Agency: Cordis | Branch: H2020 | Program: FCH2-RIA | Phase: FCH-01.6-2014 | Award Amount: 2.47M | Year: 2015
The overall aim of NewBusFuel is to resolve a significant knowledge gap around the technologies and engineering solutions required for the refuelling of a large number of buses at a single bus depot. Bus depot scale refuelling imposes significant new challenges which have not yet been tackled by the hydrogen refuelling sector: Scale throughputs in excess of 2,000kg/day (compared to 100kg/day for current passenger car stations) Ultra-high reliability to ensure close to 100% available supply for the public transport networks which will rely on hydrogen Short refuelling window buses need to be refuelled in a short overnight window, leading to rapid H2 throughput Footprint needs to be reduced to fit within busy urban bus depots Volume of hydrogen storage which can exceed 10 tonnes per depot and leads to new regulatory and safety constraints A large and pan-European consortium will develop solutions to these challenges. The consortium involves 10 of Europes leading hydrogen station providers.

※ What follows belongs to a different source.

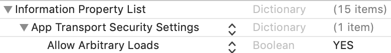 Lưu ý rằng bạn chỉ có thể load các URL được bảo mật theo mặc định. Bạn phải add "App Transport Security Settings" vào file Info.plist, và add key "Allow Arbitrary Loads" vào phía trong với value là "YES":
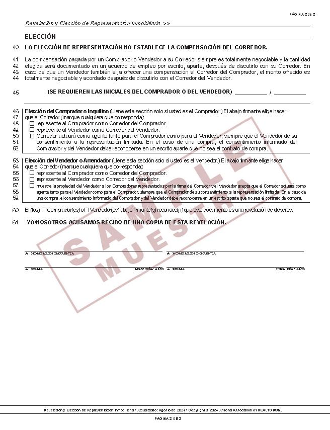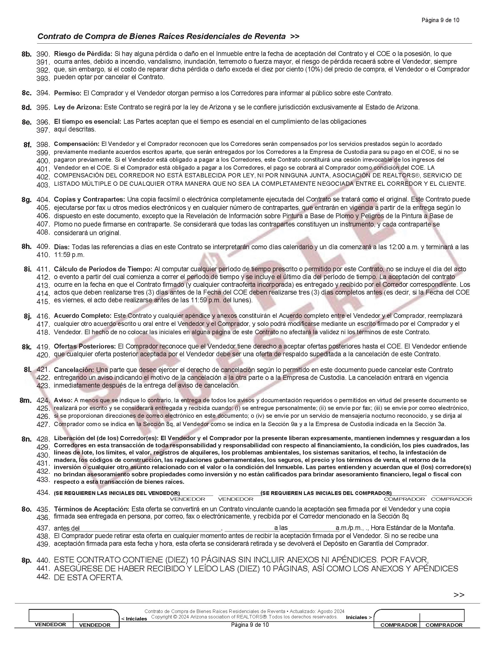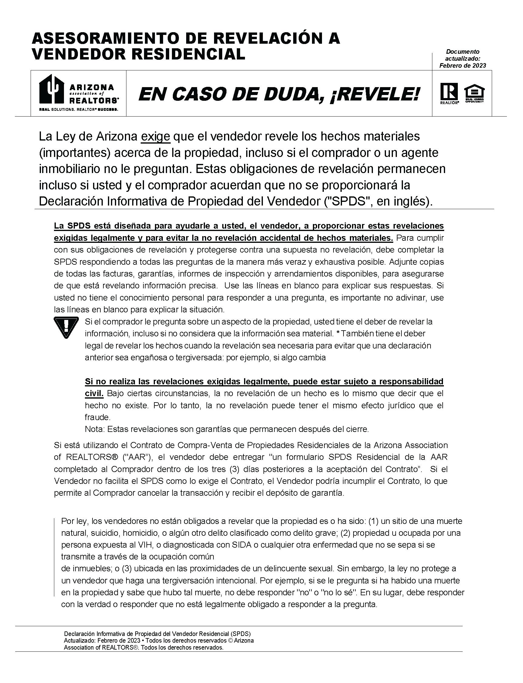 26. Sin importar a quien represente el Agente en la transacci6n, el Agente ejercera habilidad y atenci6n razonable en el desempefio de sus obligaciones, 27.y sera veraz y honesto tanto con el Comprador como con el Vendedor, divulgando todos los hechos conocidos que afecten de forma material y 28. adversa adversa la consideraci6n de recibir pago por cualquier parte. Conforme a A.R.S. Secci6n 32-2156, los Vendedores, Arrendadores y 29. Agentes no estan obligados a divulgar que una propiedad es o ha sido: (1) la ubicaci6n de una muerte natural, suicidio, homicidio u otro crimen 30.clasificado como delito mayor; (2) propiedad u ocupada por una persona expuesta al VIH, o diagnosticada con SIDA o cualquier otra enfermedad 31. que se desconoce se transmita mediante ocupaci6n comun de bienes inmuebles; o (3) ubicada en la cercanfa de un delincuente sexual. Los 32. Vendedores o sus representantes no la existencia, terminos o condiciones de ofertas como confidenciales a menos que exista un acuerdo de 33.confidencialidad entre las partes.

These partners will work with 12 bus operators in Europe, each of whom have demonstrated political support for the deployment of hydrogen bus fleets. In each location engineering studies will be produced, by collaborative design teams involving bus operators and industrial HRS experts, each defining the optimal design, hydrogen supply route, commercial arrangements and the practicalities for a hydrogen station capable of providing fuel to a fleet of fuel cell buses (75-260 buses). Public reports will be prepared based on an analysis across the studies, with an aim to provide design guidelines to bus operators considering deploying hydrogen buses, as well as to demonstrate the range of depot fuelling solutions which exist (and their economics) to a wider audience. These results will be disseminated widely to provide confidence to the whole bus sector that this potential barrier to commercialisation of hydrogen bus technology has been overcome.